A dreadnought or a jumbo with medium-gauge strings hurts your fingers even when they're in shape. But playing the piano is like squeezing tits.

Posted by: Steve H. on February 19, 2005 11:52 AM

Theres only one way in my opinion to get through the pain. Deal with it and keep practicing. Get the stiffest decent souding strings you can and fret them bad boys over and over. Work them tough chords hard over and over and over and eventually your finger tips will adjust. As for the lighter string, why bother when you're learning, you suck anyway, so who cares .

When you fret the strings right you'll know it and then you can move on to the next chord. Really want to abuse yourself, learn notes on stainless steel strings.

Posted by: The Spud King on February 20, 2005 02:32 AM

I have to agree with The Spud King. For years I wimped out with .008 and ..009 sets, and kept wondering why I wasn't getting that big sound I liked. I saw an interview with Townshend where he said he used heavy strings, .012s or .013s, and I decided to try them (.012s). I got the sound....

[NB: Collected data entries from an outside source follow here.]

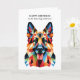 Celebra el cumpleaños de tu papá perro favorito con esta carta audaz y alegre que presenta un vibrante ilustracion pastor alemán de estilo poligonal. Compuesto por formas geométricas coloridas en azul, naranjas, verdes, rojos y más, este diseño animado añade un toque moderno y artístico a la tarjeta, perfecto para cualquier padre orgulloso de Corgi. El mensaje principal -"Feliz cumpleaños al mejor pastor alemán que haya tenido!"- es totalmente editable, así que puedes personalizar el texto para reflejar tu propio tono o humor. El interior de la tarjeta plegada también ofrece un saludo editable, ideal para hacer un mensaje de cumpleaños dulce, divertido o sincero del perro (o de todo el paquete). Una tarjeta de cumpleaños divertida y reflexiva para cualquier padre de perro amante de GSD que se merezca una celebración de cola.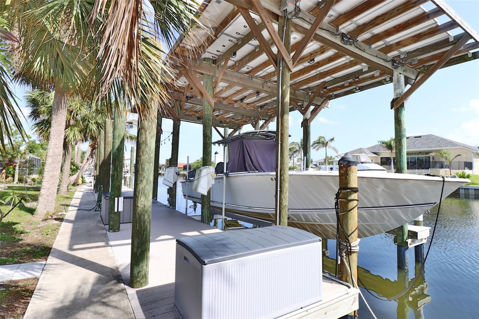 One or more photo(s) has been virtually staged. Sailboat Access & owned Solar System - Fully Remodeled Waterfront Saltwater Pool Home. This stunning 3-bedroom, 3-bath Gulf-access pool home is located in the highly desirable Beach Complex area on the southeast side of town, just a few minutes' ride to Charlotte Harbor. With deep-water sailboat access, a 13,000 lb boat lift, and additional exterior pier and pilings, it's truly a boater's dream. Outdoor Features & Boating Amenities Include: 100 feet of newer PVC sheet pile seawall Large AZEK dock with water, electric, and solar Covered boat lift (13,000 lbs), additional outer pier, and pilings for a large yacht Room for floating docks (WaveRunners or jet boats) The pilings have been left high at the dock intentionally for a possible future two-story Tiki hut. RV parking with 30-amp hookup. Newer 10' x 20' shed with metal roof. Accordion hurricane shutters for easy storm protection. Heated saltwater Pebble Tec pool with wet deck. Newer Hayward variable-speed pool pump, Shell Lock paver pool deck with LED lighting and full-view screen enclosure, Outdoor shower, and beautifully landscaped koi pond. Full gutters, privacy landscaping, banana plants, avocado trees, fig trees, and mango trees. Screened front entry. Interior Highlights & Upgrades: Completely remodeled open floor plan. Fresh interior and exterior paint three updated bathrooms New interior doors, trim, and lighting Shiplap plank detail throughout Solid maple cabinetry with quartz countertops Dual cooktops (induction + range) with outside-venting hood Bar with sink, fridge, and dishwasher Porcelain and slate tile in main areas; luxury vinyl in bedrooms Wall of thermal-pane sliding doors New LG French door fridge with dual freezer drawers and two ice makers New Bosch dishwasher and LG large-capacity washer/dryer LED indirect lighting, wood-burning stove Mini-split A/C & heat system for custom temperature control in each room. Updated electrical panel, Energy & Structural Improvements: Standing seam metal roof (2023), 36-panel, 11KW owned solar system (not leased), seven new permitted windows. Full plumbing re-pipe with new overhead PEX lines. Oversized two-car garage with ample storage. This home offers comfort, efficiency, and high-end upgrades throughout. Purchased in August 2023 for $825,000, the property has since seen over $100,000 in additional improvements. This is the home you've been waiting for. Brimming with character and overflowing with storage, it offers something most homes don't- room for everything you love. The thoughtful design and long list of amenities make this home as practical as it is inviting. You won't have to worry about a failing concrete bulkhead or costly repairs; everything has already been done. Just bring your boats/yachts, water toys, and love for waterfront living. Homes like this are rare, and they don't last long. Schedule your showing today!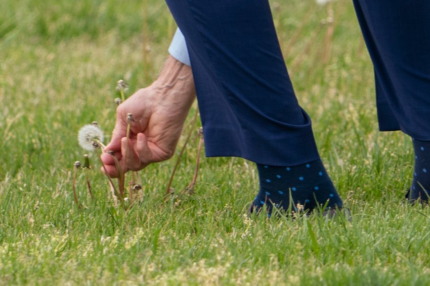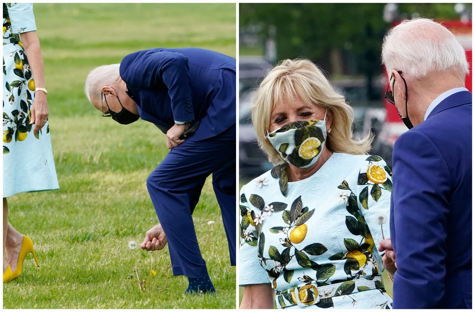 Dok su Bajdenovi hodali travnatom površinom ispred Bele kuće, Bajden se sagnuo i ubrao maslačak, pa ga pružio prvoj dami.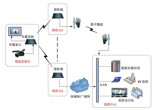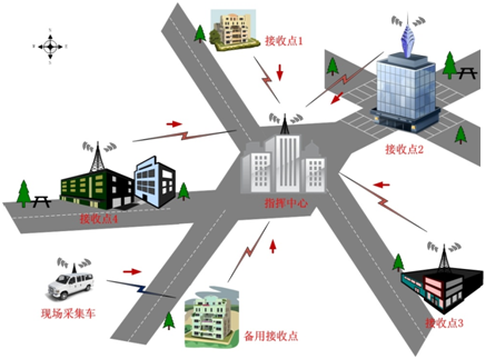 前端現(xiàn)場采集車安裝大功率車載設(shè)備在城市各區(qū)內(nèi)巡邏,實(shí)時(shí)將采集的音視頻信息傳給就近接收點(diǎn),接收點(diǎn)用微波、光纖或?qū)>W(wǎng)等設(shè)施傳輸給指揮中心。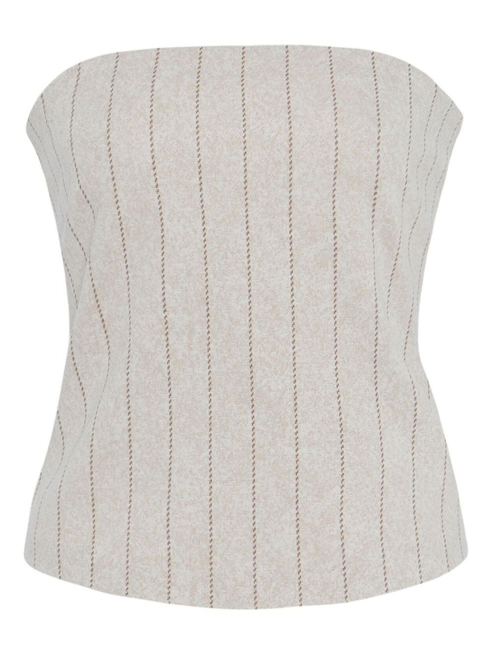 pinstripe bandeau top Highlights - Beige - Pinstripe pattern - Strapless design - Straight hem - Back zip fastening Made in United States Composition Viscose 82%, Polyamide 13%, Elastane 5% Washing instructions Read Manufacturer Guidelines

Of course, one thing you could try if you go to heavier strings is to use flatwounds. Pyramid flatwounds are very cool (same kind of strings the Beatles used back in the day) but heavy bending, fuhgeddaboutit...

Posted by: The Proprietor on February 20, 2005 10:21 PM

Hey John,

Playing bass hurts at least twice as much as playing six string. The strings are much thicker and rougher. Plus the fretboard is wider and longer. The result is that you have to use more pressure, causing major cramping and more fingertip pain. Plus, if you play with your fingers, you'll get blisters on your picking hand, too. I've been playing guitar for about 4 years or so and just recently started playing bass. Hurts like a bastard.

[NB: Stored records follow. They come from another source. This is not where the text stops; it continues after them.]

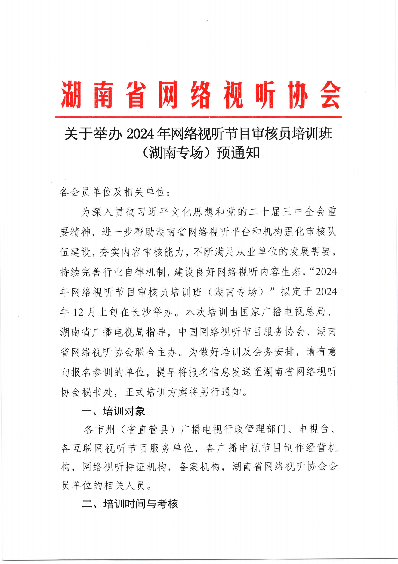 关于举办2024年网络视听节目审核员培训班 (湖南专?。┰ねㄖ?/p> ...[详细]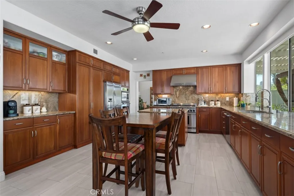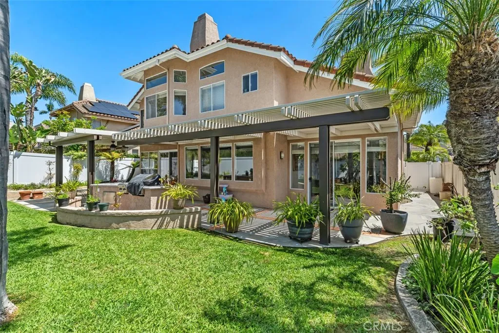 Welcome to this beautiful and spacious Flora Vista 4-bedroom, 3-bath plus office home in San Clemente's sought after Forster Ranch area with high ceilings and a bright airy feel. Enjoy wood floors in the entry, living and dining rooms; and, tile floors in the kitchen and family room. The kitchen has granite countertops, an island, a Thermador 6-burner range plus a built-in microwave/single oven combo and rollout shelves for your convenience. The downstairs includes an office/den, full bathroom and laundry room. The upstairs offers a primary suite with a large bathroom featuring separate tub, shower, fireplace and walk-in closet, 3-bedrooms and a full bathroom. The backyard includes a covered patio with a built-in barbecue and owned Solar panels on the roof. Bright, sunny and thoughtfully designed throughout, this home offers a versatile layout and a seamless balance of comfort, functionality and style.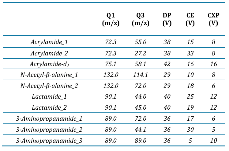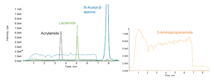 The potential impact of 3 known acrylamide inferences (N-acetyl-β-alanine, lactamide and 3-aminopropanamide) was evaluated by spiking 1 mL of LC-MS grade water before and after the extraction protocol was completed. The pre-extraction level was 150 ng/mL for acrylamide and 1500 ng/mL for the interferences.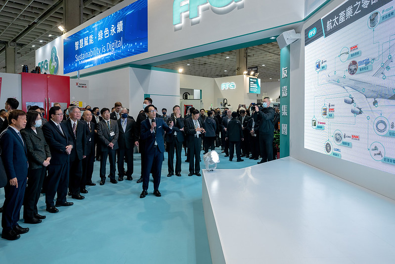 隨後,總統與現場貴賓一同進行揭幕儀式,並參觀展區,之後也與臺灣機械工具機業者座談。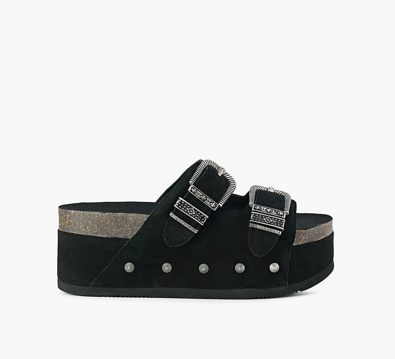 Avec le retour des silhouettes des années 90, il n’est pas étonnant que les sandales à plateforme fassent leur grand retour. Les sandales Mystic d’ASH en sont la preuve. Montées sur une semelle plate surélevée, elles présentent des brides supérieures ajustables ornées de boucles imposantes. Sans oublier leur design ponctué de rivets, apportant une touche bohème-chic à toutes vos tenues.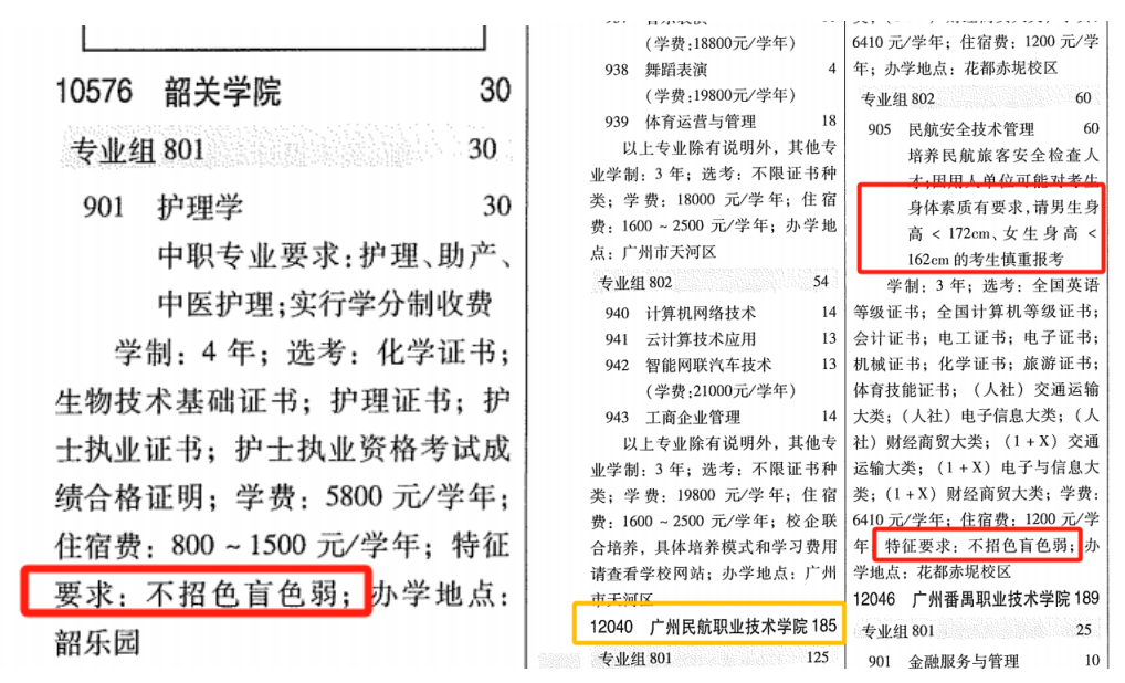 在今年的3+证书招生目录中,几乎所有对考生有特征要求的专业限制都为:不招色盲色弱、不招单色识别不全者。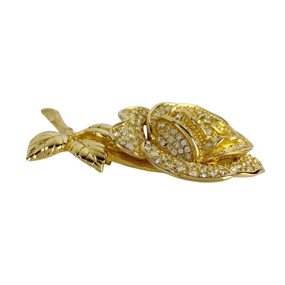 新同 ディオール ローズ ブローチ ピン バッチ 薔薇 ラインストーン GP ゴールド 箱 465277 8

Posted by: josh on April 18, 2005 08:17 PM

hey, i started out on bass and went to guitar. when i switched over i had no problems with guitar playing related blisters, however from playing bass i get blisters on my plucking fingers every now and then, if i don't practice enough, then do alot of playing. i've got callouses on my plucking fingers and fingering fingers. some major problems with going from guitar to bass seem to be plucking, and for bass to guitar seem to be chords/getting your fingers down without covering the wrong strings (i have large fingers and a deformed left ring finger which was crushed by a rock once, so its wider than normal, other people might have other problems). what i would do is just let your blisters stay as long as possible. it may hurt alot, but if you cant take it then use a pick if you need to, or you could put tape on your fingers (not too good for the strings). after that, let your blisters either dissappear or pop on their own, and if they do pop dont pull the skin off because it will turn into hard skin, which will protect the raw skin underneath until its thick/strong enough to use.

Posted by: John on May 7, 2005 04:57 AM

let me just say bass kills and ots yer f.in fingers away

Posted by: jamie on January 20, 2006 09:28 AM

i have found a cure to getting blisters and casasis(cant spell) on your fingers when playing guitar/bass if u put a dab of superglue on your fingers ( i no this may sound stupid but trust me) it works i do it every time we gig because i tend to play a lot harder live and it deff works

Posted by: Rupert on August 9, 2007 03:24 PM

i've just started playing the guitar.. been like 3 weeks.. my fingers hurt a little yeah..but they're becoming stronger..
As funny as this may sound.. i like "torturing" myself just to play the guitar etc :) it feels good.. but i guess you're all gonna think im some weirdo :P

Posted by: mysterious on July 26, 2008 10:48 AM

Try the super glue that Rupert sugested, it works really good. I was just jammin with some friends and my fingers were hurtin like a biz-nitch so I put a little bit of superglue on it, waited like 30 seconds and then my finger didnt hurt at all.